Ok, so why did it take me so long to complete this review? Well, what’s the point of doing a battery review if you don’t put cycles on the packs? I really wanted to make sure that I was able to provide objective data on the quality of these packs whether good or bad and that took a lot of flying. In fact, it took over 100 flights…114 to be exact! 😉

My testbed was the Goblin Speed during the speed review initially and then eventually I switched over to using them only on my Trex 700DFC and Goblin 770 for a 3D comparison. The packs were built in a stick configuration and used RCPROPLUS Supra-X 6mm bullets for the main power connections to the ESC and PRC6 6mm bullets for the series connections between packs. Both sets of connectors are rated at greater than 200A continuous.

The Goblin Speed was setup was a Castle Edge 160HV with a cap pack and a Scorpion HK4530-540LE motor running at up to 2600 rpm and 15 degrees of pitch and ESC and speed data was logged for EVERY flight. In addition to that, I logged data using my Dual PowerLab8 charger internal resistance (IR) function during charging of the batteries. As I eluded to before, a speed heli is an ideal platform because of the kind of load that’s put on the packs. We’re talking two to three minutes of high-current discharge speed runs in the range of 150A to 250A. That’s about as hard as it gets!

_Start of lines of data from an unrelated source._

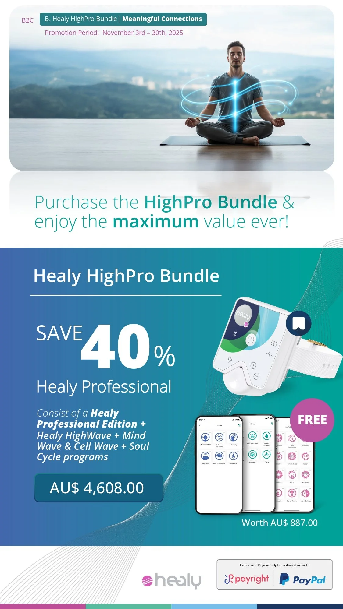 40% Off Healy Professional Combo: Buy a Healy Professional with a Healy HighWave with 40% off and get a free Cell Wave, Mind Wave and Healy Soul Cycle programs.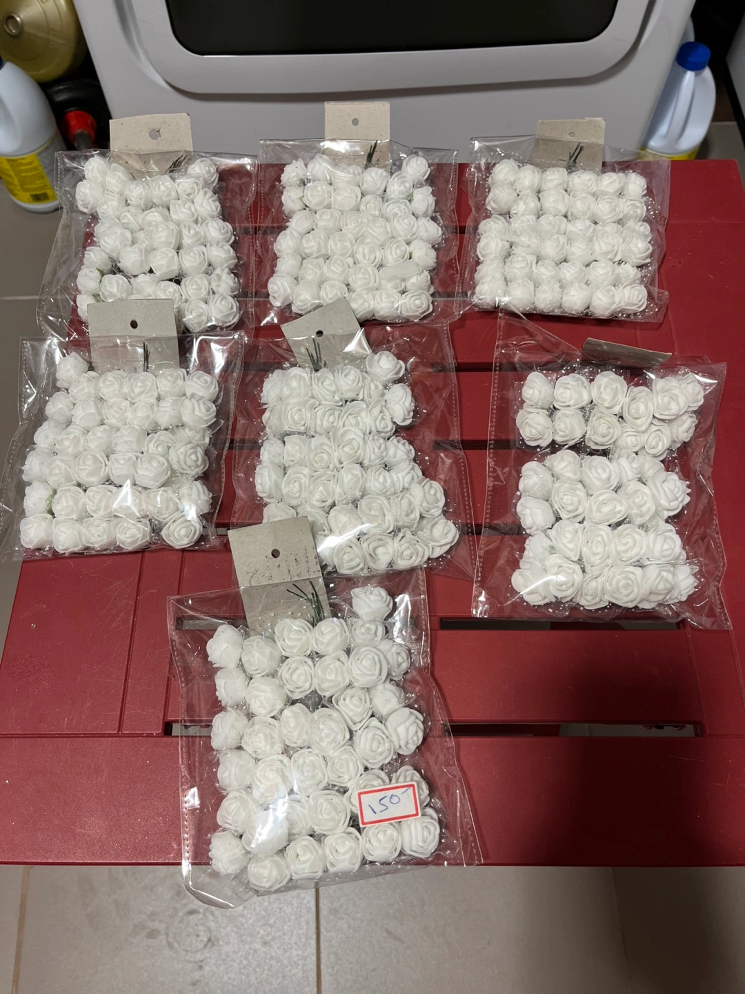 Assortment of artificial white roses. Multiple sizes and styles available. Perfect for crafting or home décor.
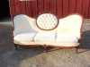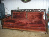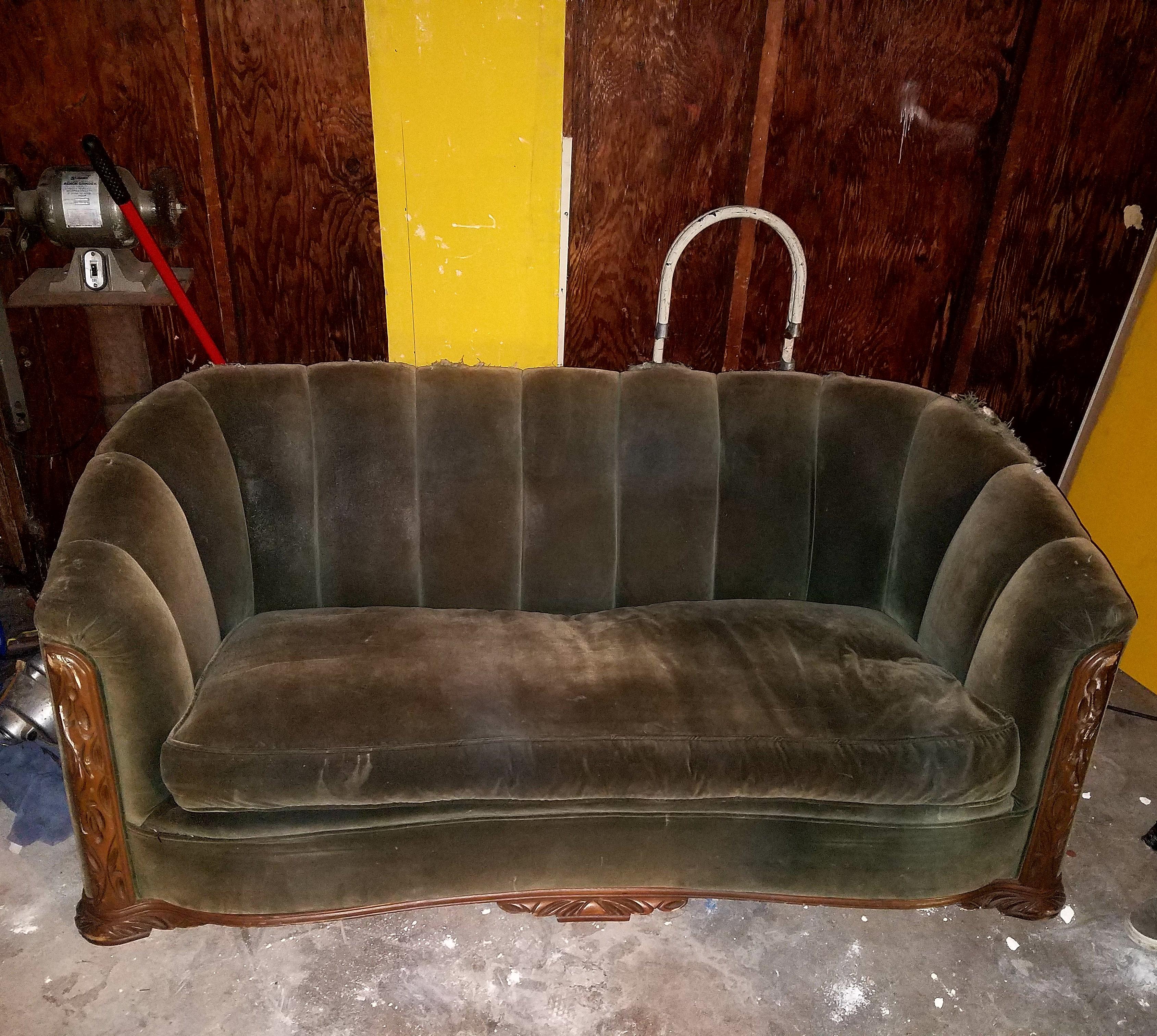 Not sure if this is mohair or velvet, feels velvety. Dark olive green with hand carved arms/frame , possibly walnut and has one long cushion. Sofa is 70in long and 38in deep. A couple cat scratches on the top. Just want to know the original value and the value now with the cat scratches. Original upholstery

As for the 3D helis, the T-Rex 700DFC used a Scorpion 130A ESC, a Scorpion HK4526-520F3C motor, head speeds between 1700-2100 rpm, and 13 degrees of pitch and the Goblin 770 used a Scorpion 160A ESC, a Scorpion HK4530-450LE motor, head speeds between 1200-1700 rpm, and 13 degrees of pitch.


Alright, let’s talk a quick bit of theory…

Power is equal to current squared times resistance, right? So, if I want to know how much current I can support for a given power and resistance, I divide the power by the resistance and take the square root. Following?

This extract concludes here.